Moreover, a sleeping-drug did not last for ever, and either Thoms or Miss Pye might have woken up in the early hours of the morning, and still had time to commit the theft. Stone might simply have kept the poison and used it himself. All the same, Messenger had been out of his room; and if he had been with Truda, surely to God she would admit it when his very life was at stake … Even if he would not give her away, surely she would refuse to let him be accused of murder.
But Truda, white and shaking, kept her silence, and into that deathly vacuum Dickinson played his trump card. ‘Mr Messenger—how much money have you in the bank?’
Julian’s nervous hands were suddenly still. He said at last: ‘Not much.’
‘Fifty pounds?’
‘You seem very well informed! Yes—fifty pounds.’
‘I am very well informed,’ said Dickinson quietly. ‘I know that two days before Winson’s death you had three hundred pounds in your bank, and Winson had nothing in his. But that after he died he was found to have two hundred and fifty in his; and you had fifty in yours. It seems a coincidence.’
Julian began to grow angry and some of his colour came back. He said: ‘Why the cat-and-mouse stuff? You must have seen my cheque passed through the Daunton bank.’
He shrugged hopelessly, and then continued:
‘I drew out two hundred and fifty pounds in cash and gave it to Winson on the Tuesday. He spoke to me at Lady Templeton’s dance, and I agreed to—to lend it to him.’ Having spoken, he straightened his shoulders with the air of a man who has picked up the burden and means to carry it on with him after all.
‘If it were merely a loan, why didn’t you just give him a cheque?’
Julian shrugged. ‘He said he preferred it in cash. I don’t know why.’
‘I think I know why,’ said Dickinson. ‘Blackmailers don’t like cheques.’

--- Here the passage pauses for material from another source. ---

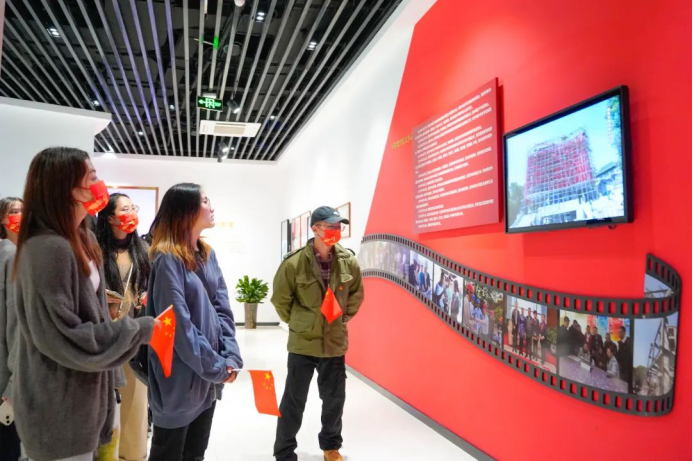 为深入贯彻习近平新时代中国特色社会主义思想,认真贯彻落实党的二十大精神,2022年11月2日下午,努努影院 学生党员来到了全国首家综合性国旗教育馆——瑞安国旗教育馆,开展“赓续红色血脉 奋进时代征程”主题党日活动。党员们在五星红旗前行注目礼,在巨幅屏幕前体验了一次特殊的升旗仪式,在慷慨激昂的国歌声中齐声合唱,在校友曾联松先生的雕像前追忆国旗的设计历史……凝视着鲜艳的五星红旗,更加坚定了党员们奋进的步伐。

‘Blackmail?’ said Julian uncertainly.
‘Yes, blackmail. Winson came to you at the dance and told you he had persuaded his stepdaughter to bring action against you for breach of promise. You paid him all you had, to stop his mouth.’
Truda sat with clenched hands, white and sick.
‘If you think two hundred and fifty pounds would stop Winson’s mouth, you must be a fool,’ said Julian calmly to Dickinson. ‘There was a great deal more to be made out of an action for breach of promise.’
‘He knew he’d never succeed in such an action. It was all just a threat. But you’d pay the earth to keep Miss Deane’s name out of such a mess.’
‘Yes, I would,’ said Julian. ‘But I don’t happen to have the earth.’
‘No. Winson began to realize that. You had the reputation of being wealthy, Mr Messenger, but the money was a trust, left for your education, and it finished when you came down from the University. You told Winson that. He decided to take what he could get.’